On Sun, 21 Nov 2004 00:09:31 -0500 (EST) Sean Donelan <sean@donelan.com> wrote:
On Sat, 20 Nov 2004, Vicky wrote:
interesting read at: http://qbone.internet2.edu/papers/non-architectural-problems.txt
There is a long history of problems. But Internet2 also shows a success for Diffserv, namely there is demand for a "worse" effort.
Are a dozen differnt classes useful to a network operator?
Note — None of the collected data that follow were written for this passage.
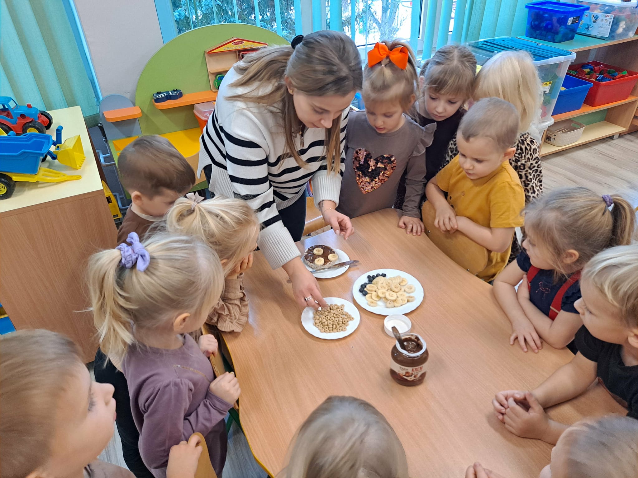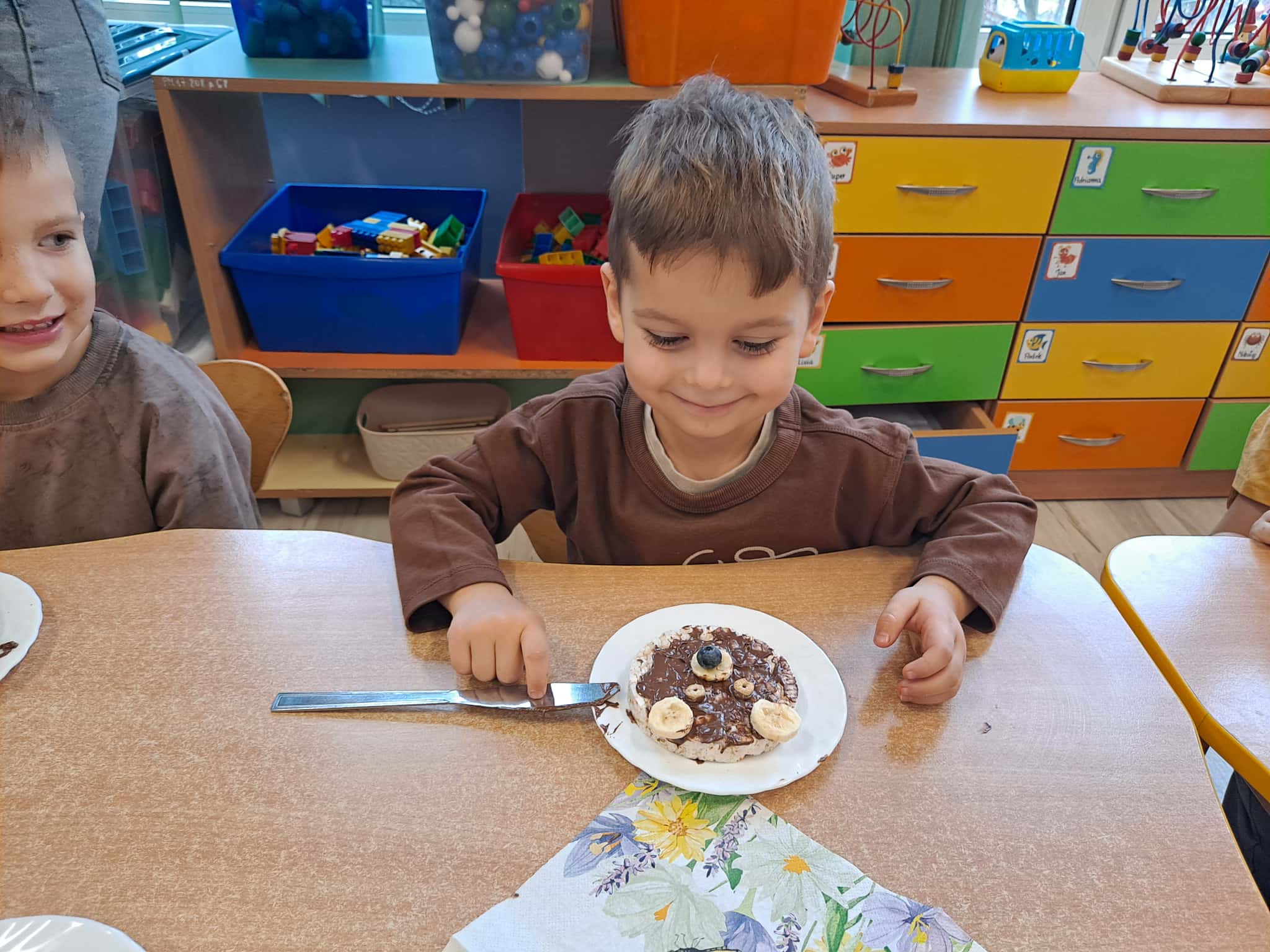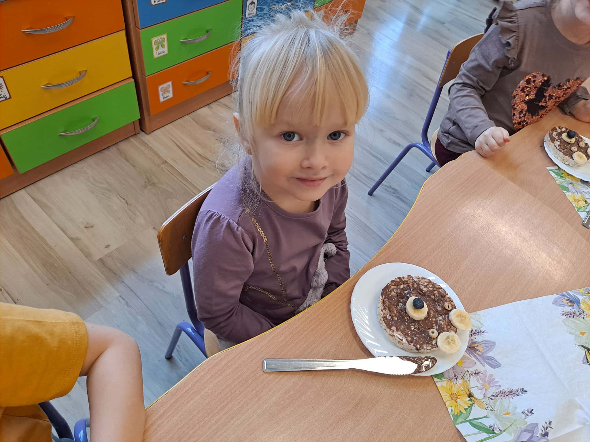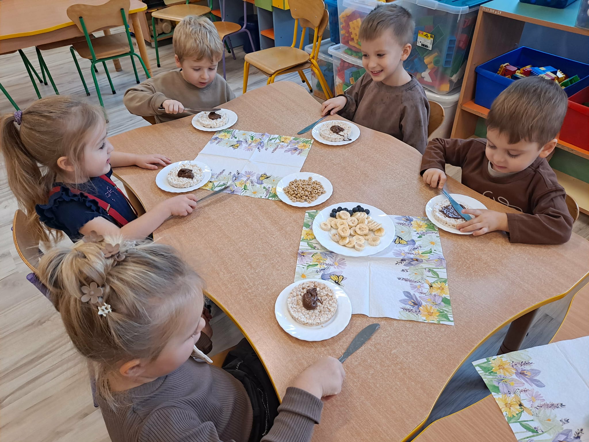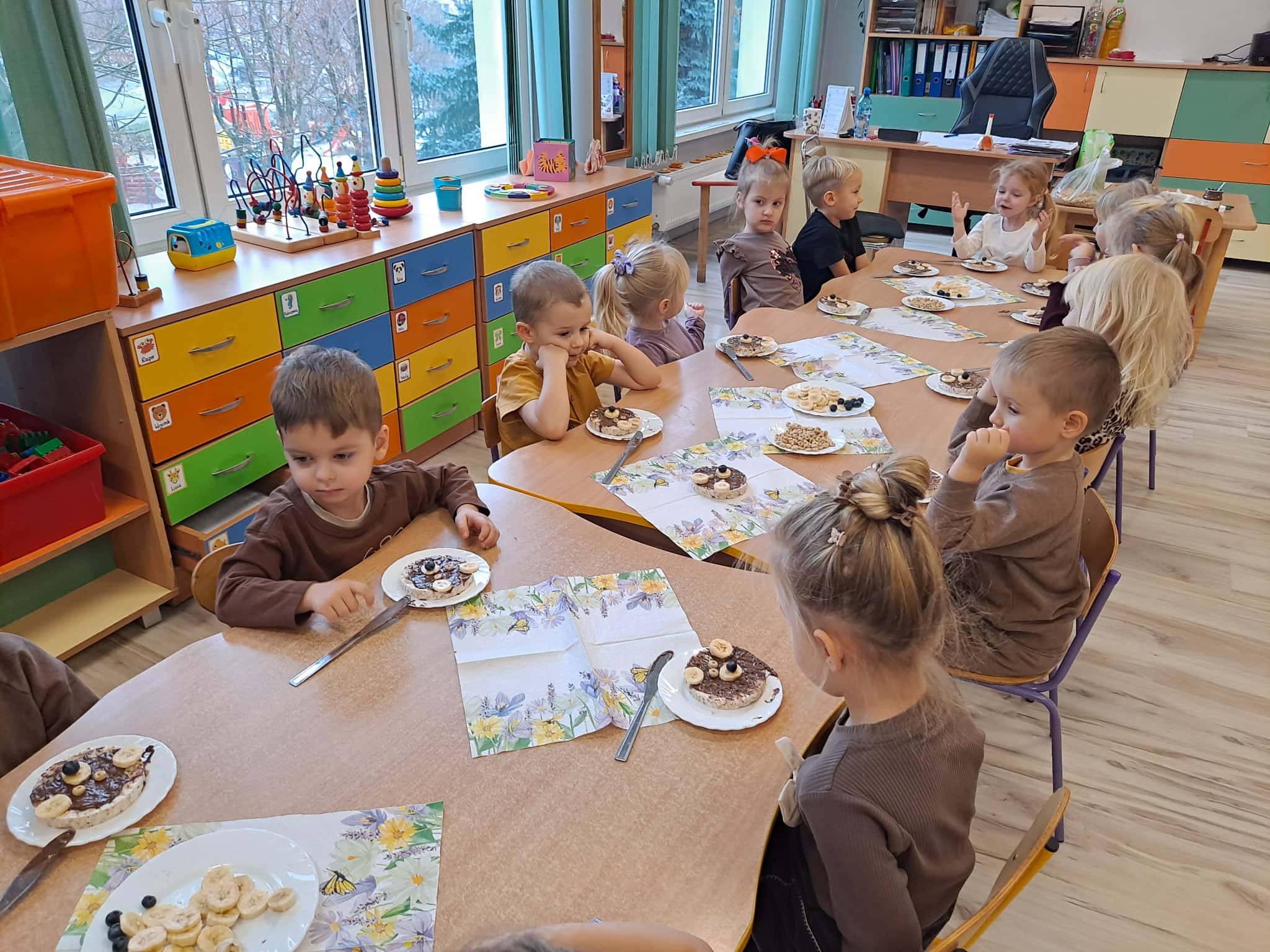 Każde dziecko wykonało „główkę misia” z wafla ryżowego, smarując go czekoladą i ozdabiając ją bananami oraz płatkami śniadaniowymi.
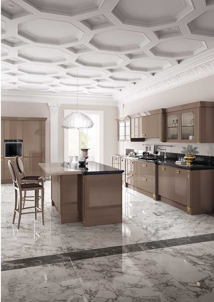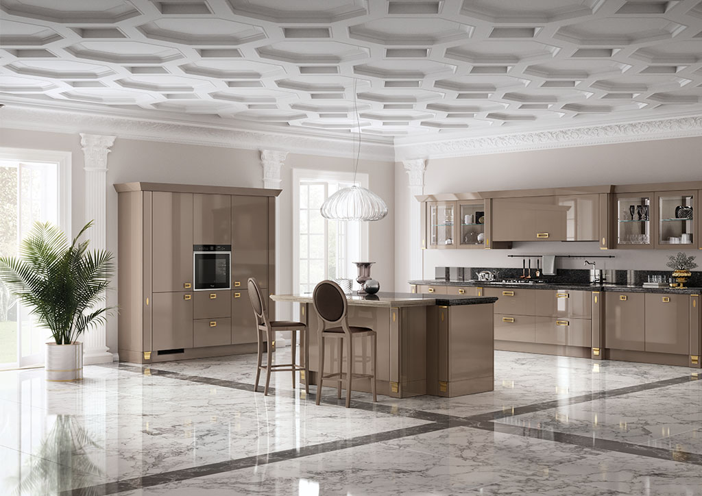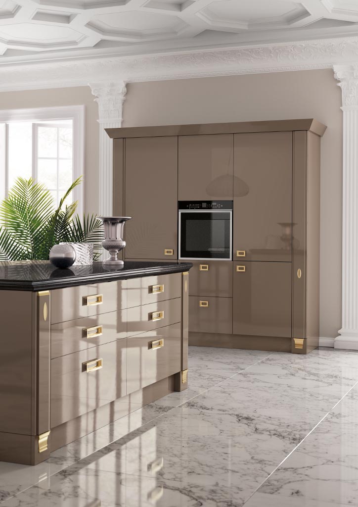 Exclusiva’s most recognizable characteristic are its golden or chrome-finish capitals inserted in 15 cm decorative elements, which together with the special oval door handle, represent the strong points of the model. Other distinct features in the collection include the small frieze located in the plinth of the 15 cm decorative elements for base and tall units, the strip positioned in the upper part of the 15 cm base units and H.127 cm tall units, and in the lower part of the wall units.
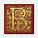 Charming decorative letter B initial monogram, calligraphy style typography, first letter in red and faux gold (shades of yellow with highlights and shadows to simulate metallic gold leaf gilding texture).
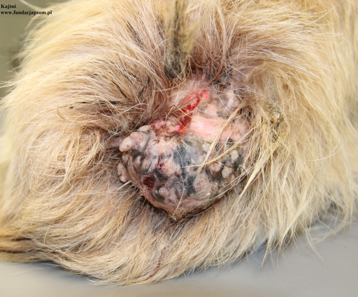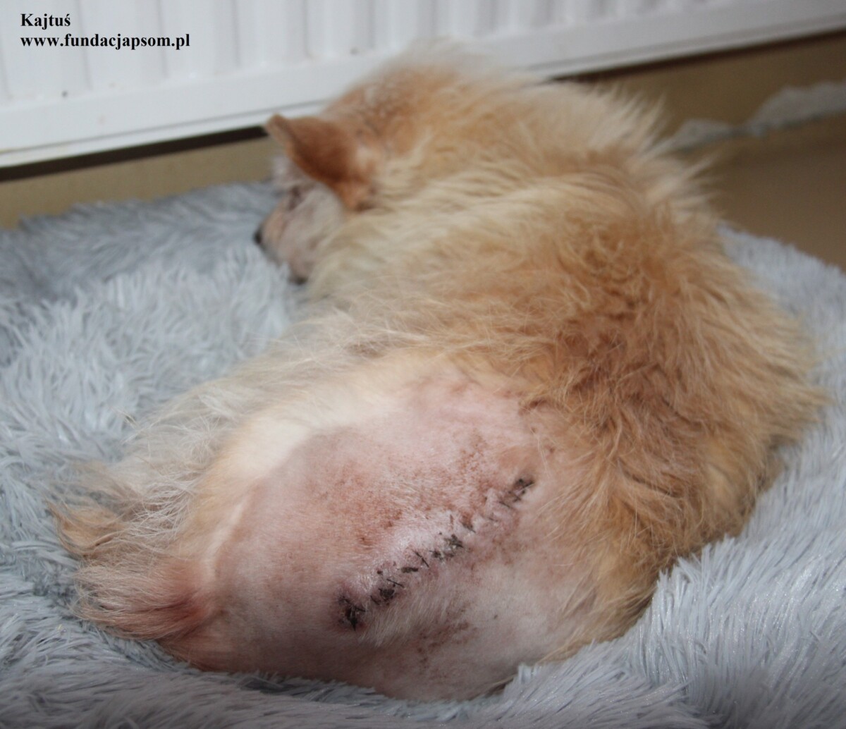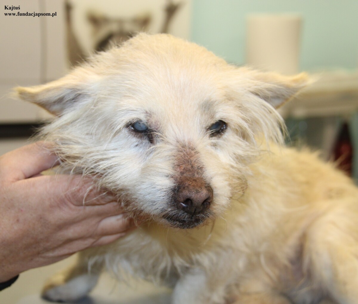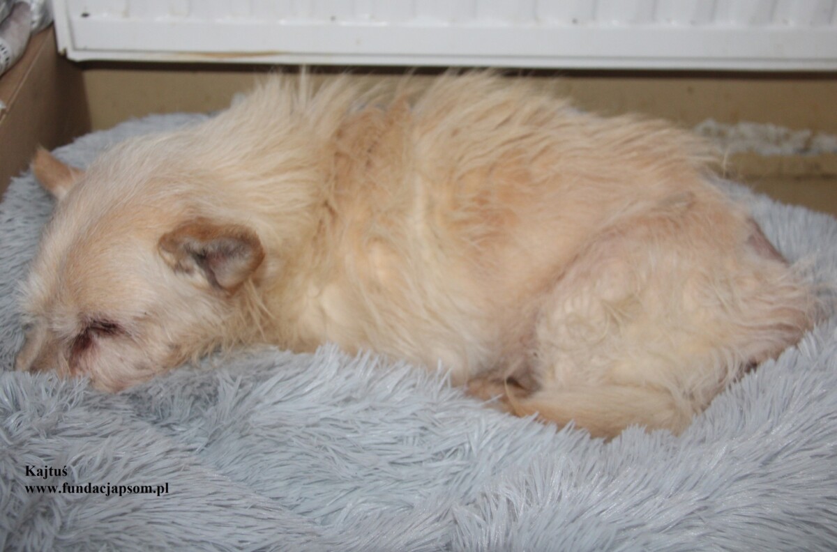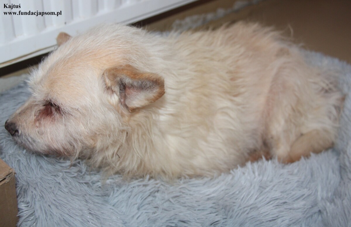 Kajtuś to około 10-letni piesek, który przybył do nas z terenu Długosiodło. Piesek przyjechał bardzo zmarznięty i wyziębiały. Pies ma zmętnienie soczewki prawego oka (zaćma), oraz guza u nasady ogona. Piesek przeszedł u nas zabieg kastracji, oraz zabieg usunięcia guza, który zakończył się pełnym sukcesem. Zakończyliśmy również antybiotykoterapię. Na dzień dzisiejszy Kajtuś czuję się dobrze i powolutku dochodzi do pełni sił.
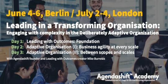 Leading with Outcomes: Foundation Adaptive Organisation, two parts: Part I: Business agility at every scale Part II: Between spaces, scopes, and scalesOr get in touch about holding a Leading in a Transforming Organisation training workshop near you; this covers Foundation and Adaptive Organisation, with all the benefits of an in-person experience, and some unique features too. I’m not asking anyone to take responsibility for the event (though that can be arranged); just your interest would be good to know.
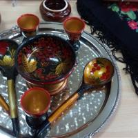 Выставка инсталлирована изделиями из дерева и керамики, драпирована яркими платками в народном стиле.
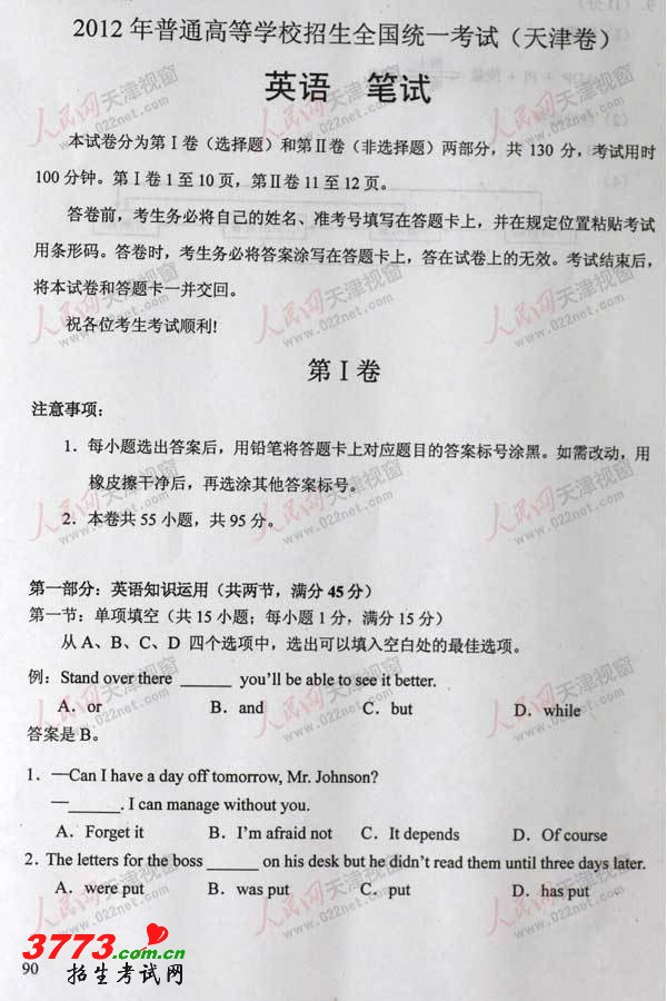 2012年天津高考英语试题及答案发布
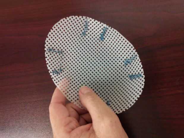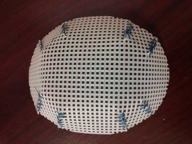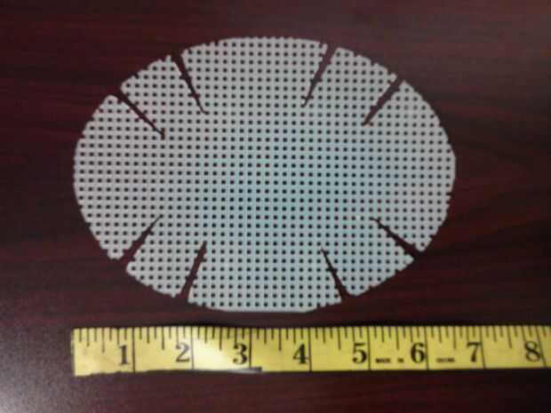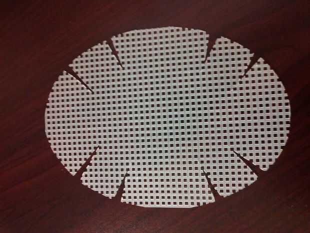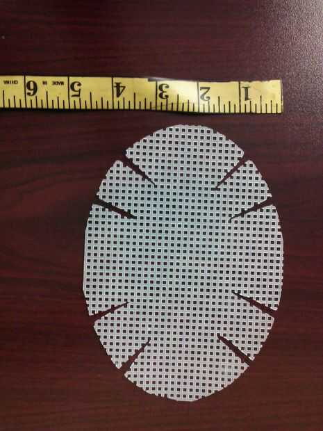 Cortar un óvalo fuera de la lona de plástico 4-1/2" por 6-1/2". cortar 8 ranuras, 1/4" de ancho por 1-1/2" de largo.
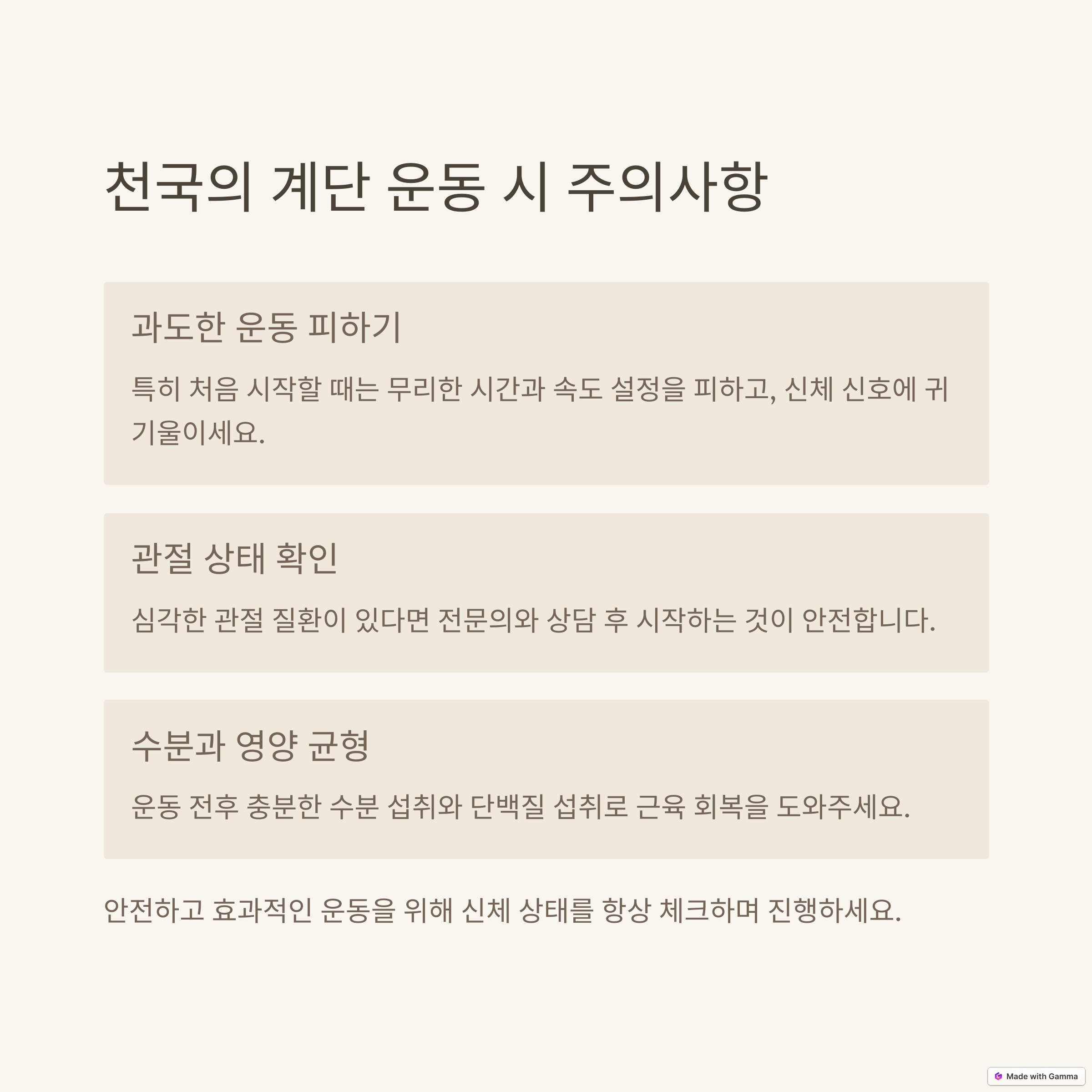 실제로 많은 직장인들이 점심시간이나 퇴근 후 짧은 시간을 활용해 천국의 계단 운동을 실천하고 있습니다. 이 운동의 가장 큰 장점은 실내에서 안전하게 수행할 수 있 다는 점입니다. 비 오는 날이나 미세먼지가 심한 날에도 계단만 있다면 언제든지 운동할 수 있어요. 특히 계단을 내려올 때는 무릎 충격을 최소화하기 위해 다리의 근력을 활용해 천천히 내려오는 것이 좋습니다. 이러한 방식으로 하루 15분만 실천해도 체중 감량은 물론, 허벅지 및 엉덩이 근육 강화에 큰 도움이 됩니다.
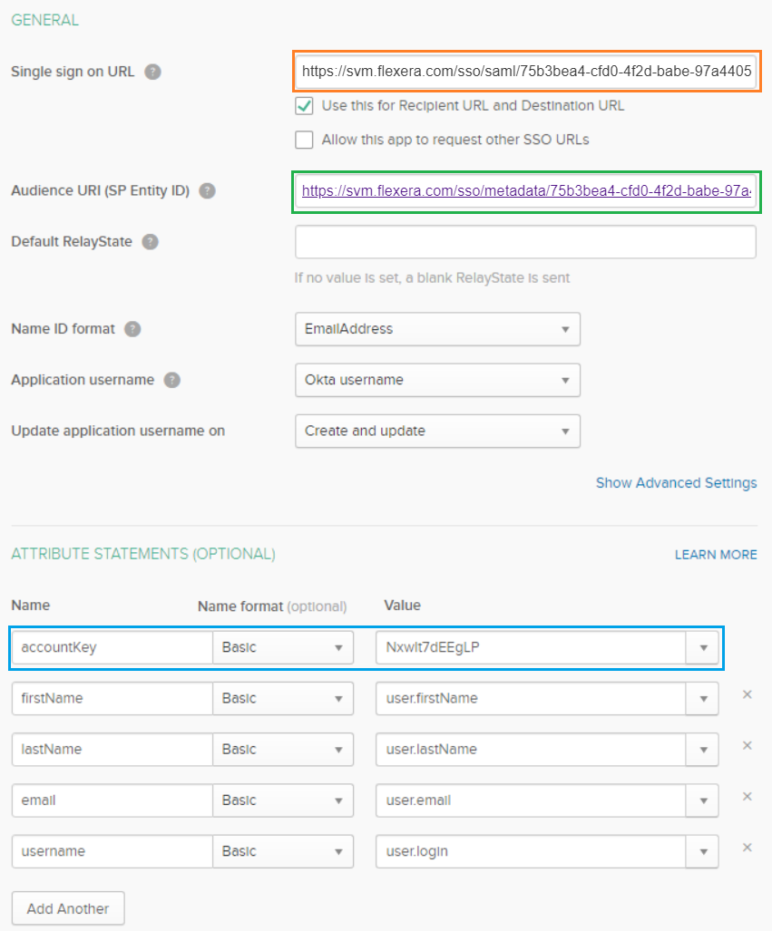 Copy the following from the Software Vulnerability Manager Configuration > Settings fields and paste in the Okta SAML Settings > fields:
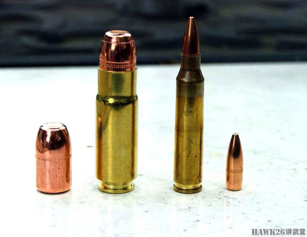 笔者2011年购买了这款步枪,对其巨大的杀伤力印象深刻。右侧就是AR-15通常配备的5.56×45mm弹药,左侧就是笔者步枪所用的.458 SOCOM弹药。从弹丸的对比可以直观感受到两者之间的明显区别,两者巨大的杀伤力差距能够推测出来。

Dear Sean; You raise an interesting point. There are some emerging wide bandwidth applications (eVLBI is one, particle physics experiments are another) where bandwidth demands are high but the value of each individual bit is low. (In VLBI it is typical for each bit sent to only contain about 10^-3 to 10^-4 bits of actual information.) As a result, these applications are (or can be made to be) very tolerant of packet losses. eVLBI, for example, would take 1 Gbps with 25% loss over 100 Mbps with no loss any day. An "Internet standby" worse than best effort QOS would be easy to implement, according to router vendors, and there seems no reason why ISP's would not want to propagate such a COS flag. This is not really a new idea. When I was programming on a mainframe as a student (back when dinosaurs walked the Earth) I routinely used a service class that only gave me CPU when there were no other uses for the system. This would extend the same idea to the Internet, and it fits with with the QBone experience that it's hard to impossible to raise priorities interdomain, but easy to lower them. Would commercial operators support a reduced cost standby system with a "do not queue" or "drop these bits first" policy flag attached ? I would be curious to receive re-world experiences or suggestions off list, and would be glad to summarize later on list. Regards Marshall Eubanks P.S. Note that such a system would easily interoperate with non-participating networks, who could either drop such traffic entirely (it is worse than best effort, after all), or forward it with normal priority, as they see fit.